→ **Task item**
Where the line containing "表格名称:表5-10 水泥稳定粒料基层和底基层现场质量检验报告单" appears, start repeating, and continue exactly through the last line below, adding nothing. Include no pictures.

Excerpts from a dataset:

"""

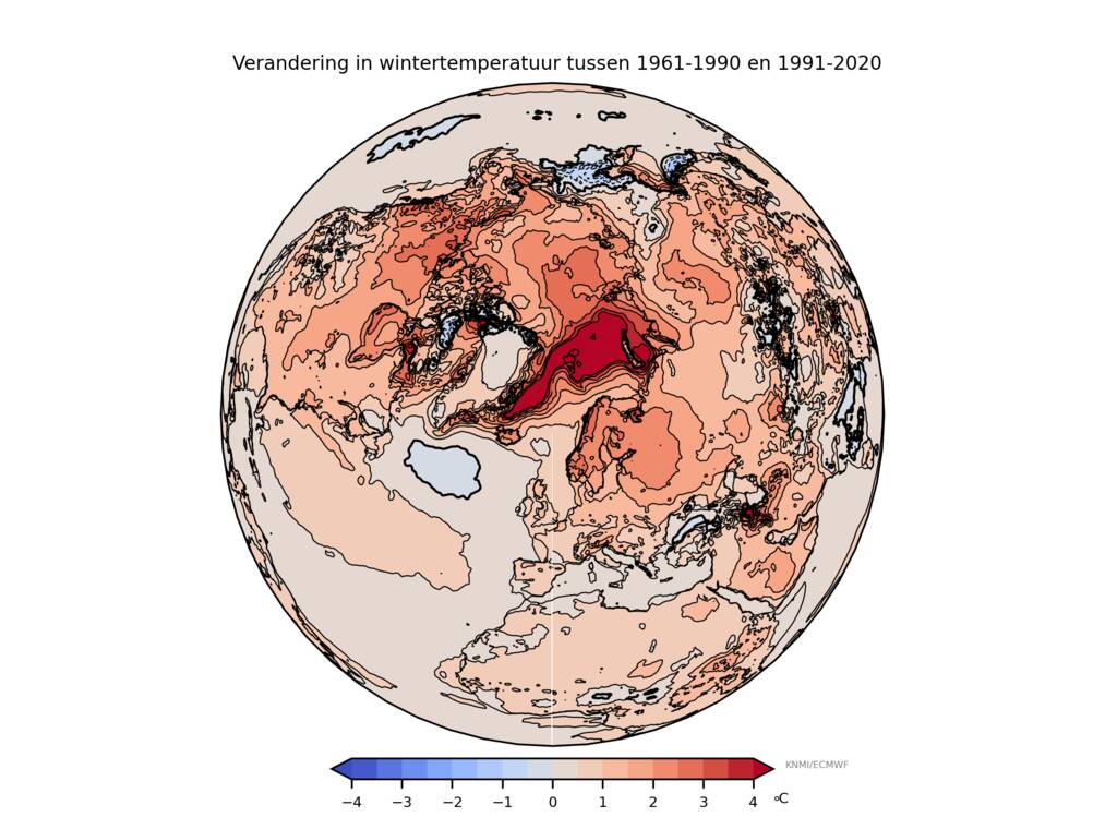 Als we de periode 1961-1990 vergelijken met 1991-2020 dan is de warmste week 0,9 graden opgewarmd en de koudste 1,6 graden, bijna twee keer zo veel. De oorzaak is dat de gebieden waar onze kou vandaan komt, Scandinavië en Siberië, sneller opwarmen dan de gebieden waar onze winterwarmte vandaan komt (zuidwesten). De winters in Scandinavië zijn meer dan twee graden opgewarmd, de oceaan ten zuidwesten van ons minder dan een halve graad (figuur 3). De opwarming van de aarde zet door, waardoor de echte winterkou rap uit ons land verdwijnt.
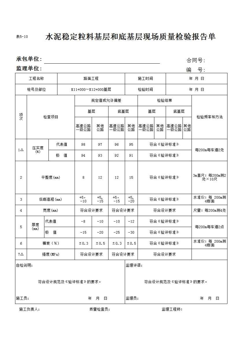 表格名称:表5-10 水泥稳定粒料基层和底基层现场质量检验报告单
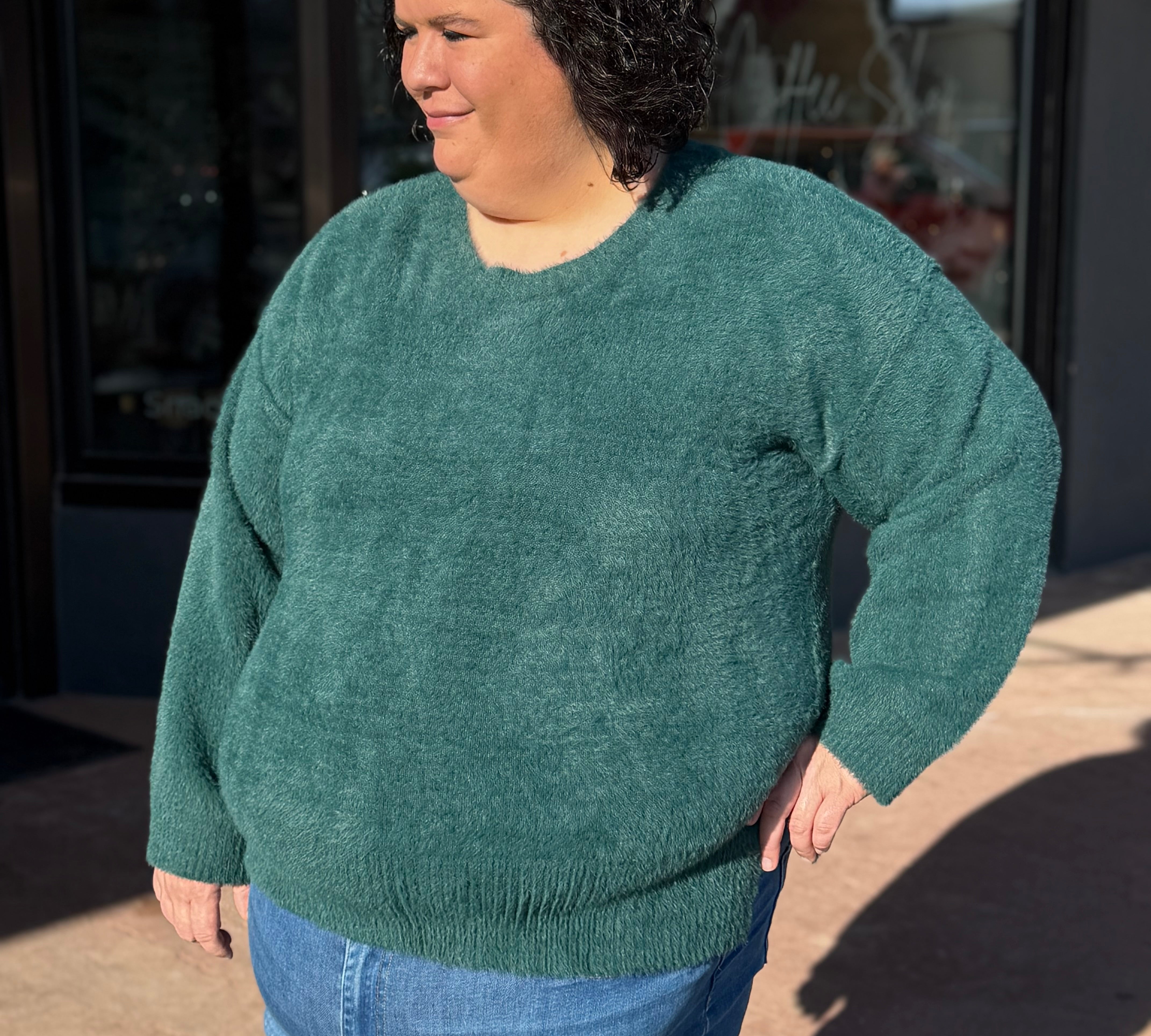 Plus Oversize Fuzzy Sweater w/Side Slit
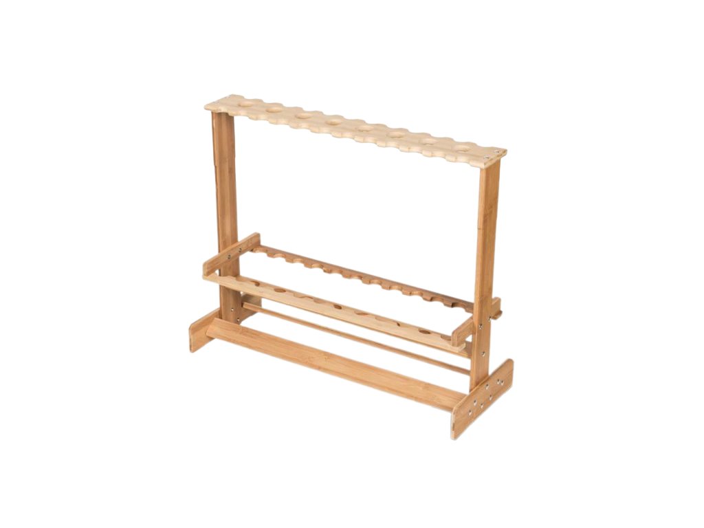 Kvalitně zpracovaný dřevěný stojan na pruty.
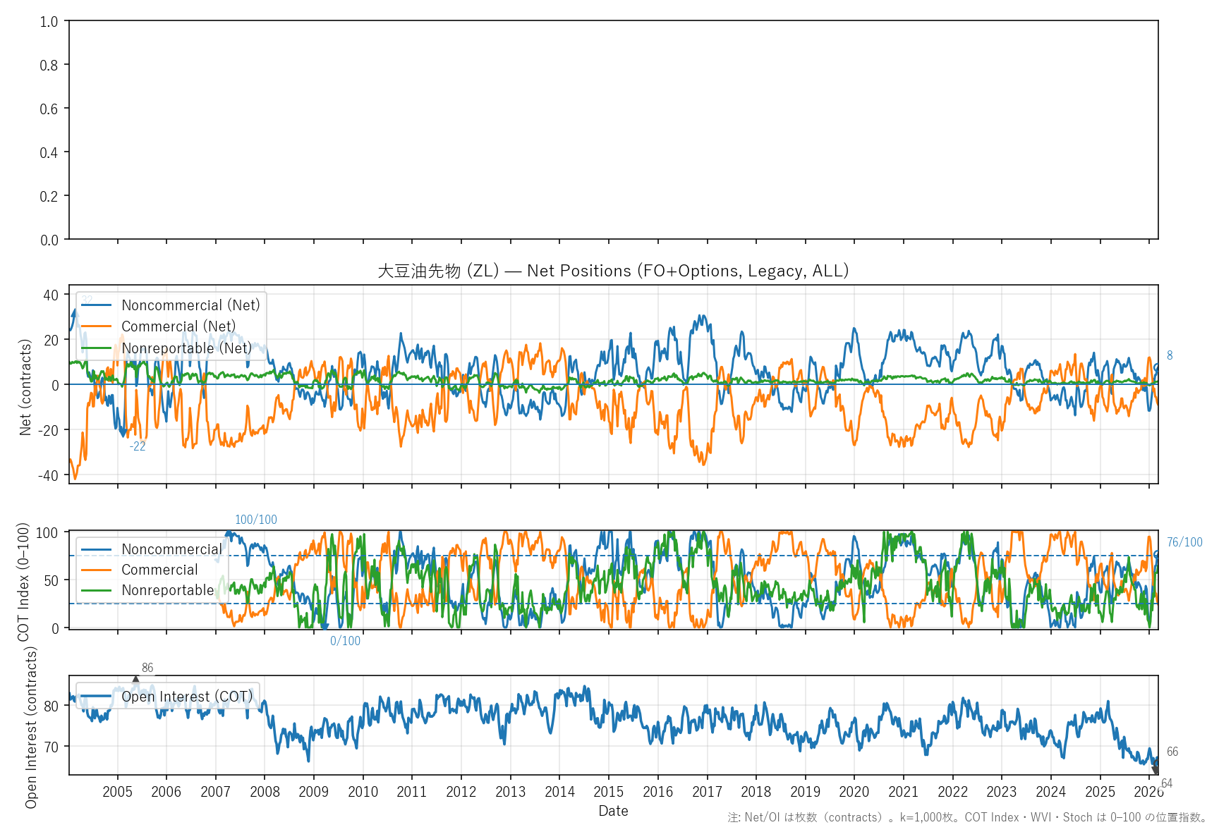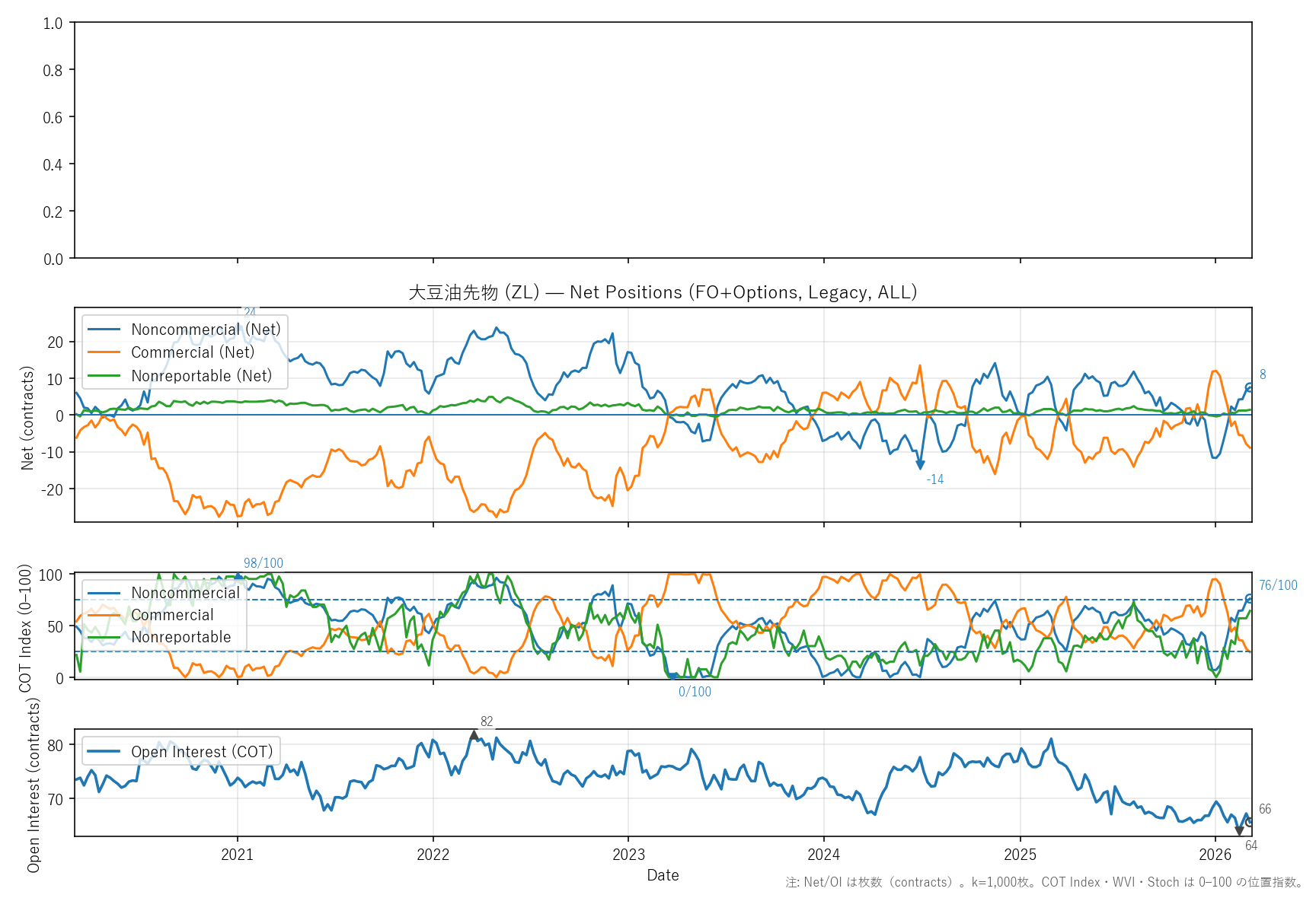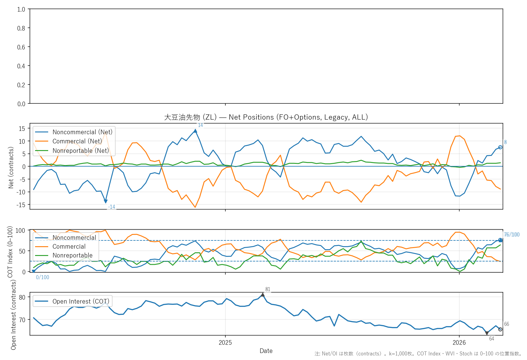 非商業COT指数:76(0〜98)|位置 78/100 / 商業COT指数:24(0〜100)|位置 24/100 / NR COT指数:64(0〜100)|位置 64/100
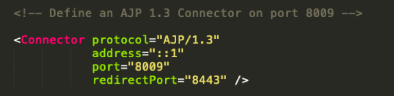 在tomcat中有兩個連接器,一個是監(jiān)聽在8080端口,負責建立web的HTTP連接,一個是監(jiān)聽在8009端口,負責Tomcat與其他HTTP服務器進行集成。配置文件server.xml中,關于AJP的配置項默認是關閉的,若需要開啟,將注釋符去掉,重新啟動Tomcat即可。
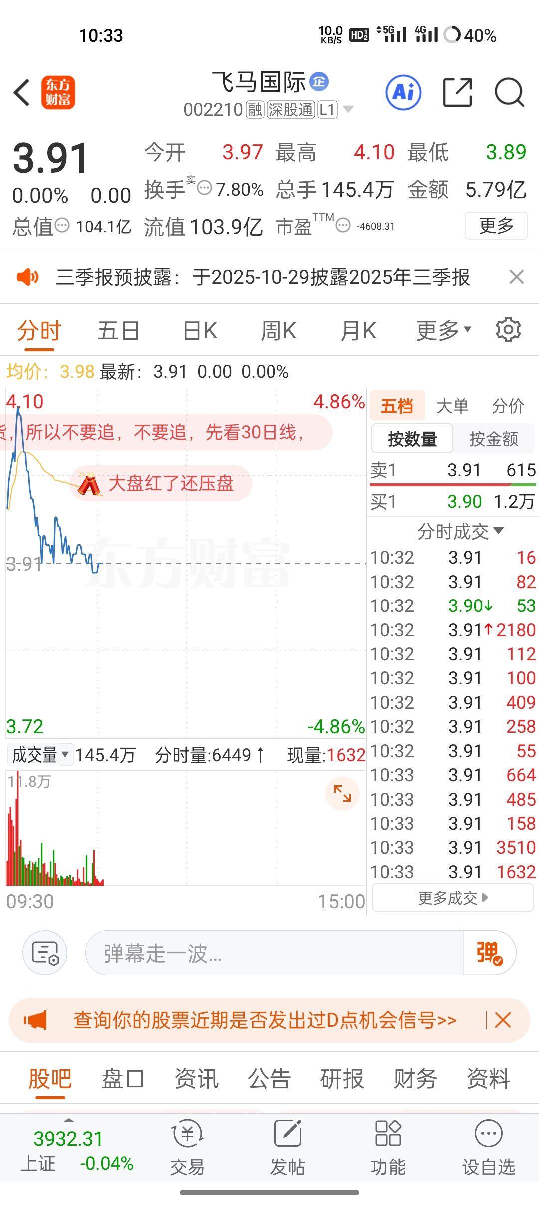$飞马国际(SZ002210)$ 怎么这么多小单进啊小单拉大单砸
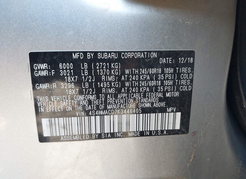- Название лота: 2019 SUBARU ASCENT PREMIUM
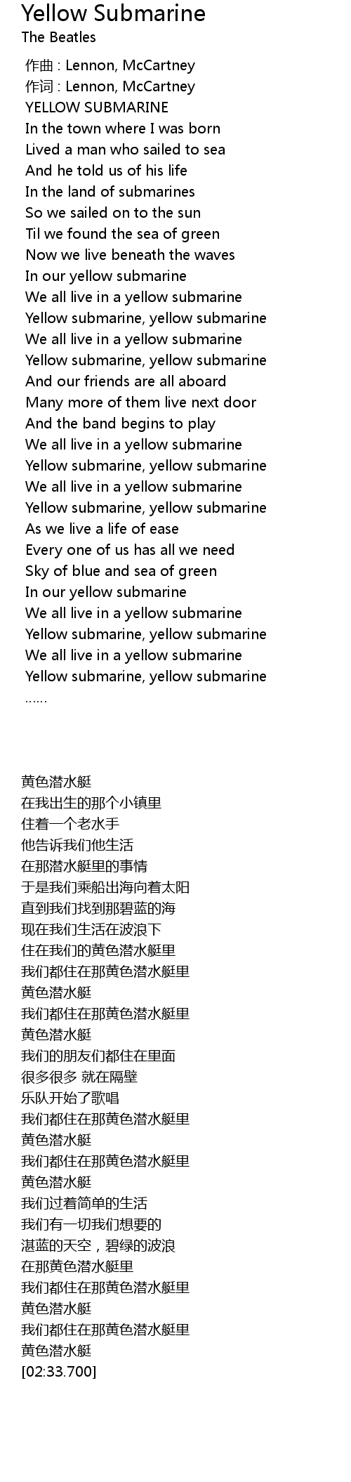 | [01:33.700] | 我们都住在那黄色潜水艇里 |
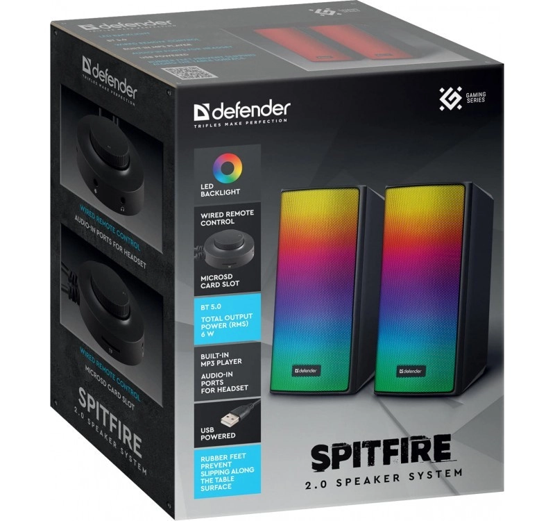 Élvezd a tiszta sztereó hangzást elegáns kivitelben. A DEFENDER Spitfire 2.0 hangszórók a stabil Bluetooth 5.2-t alacsony fogyasztással, az egyszerű USB tápellátást és a látványos LED elemeket kombinálják, amelyek feldobják bármelyik gamer vagy munkaállomásos összeállítást.

"""

→ **Task response**
 表格名称:表5-10 水泥稳定粒料基层和底基层现场质量检验报告单
 Plus Oversize Fuzzy Sweater w/Side Slit
 Kvalitně zpracovaný dřevěný stojan na pruty.
 非商業COT指数:76(0〜98)|位置 78/100 / 商業COT指数:24(0〜100)|位置 24/100 / NR COT指数:64(0〜100)|位置 64/100
 在tomcat中有兩個連接器,一個是監(jiān)聽在8080端口,負責建立web的HTTP連接,一個是監(jiān)聽在8009端口,負責Tomcat與其他HTTP服務器進行集成。配置文件server.xml中,關于AJP的配置項默認是關閉的,若需要開啟,將注釋符去掉,重新啟動Tomcat即可。
$飞马国际(SZ002210)$ 怎么这么多小单进啊小单拉大单砸
- Название лота: 2019 SUBARU ASCENT PREMIUM
 | [01:33.700] | 我们都住在那黄色潜水艇里 |
 Élvezd a tiszta sztereó hangzást elegáns kivitelben. A DEFENDER Spitfire 2.0 hangszórók a stabil Bluetooth 5.2-t alacsony fogyasztással, az egyszerű USB tápellátást és a látványos LED elemeket kombinálják, amelyek feldobják bármelyik gamer vagy munkaállomásos összeállítást.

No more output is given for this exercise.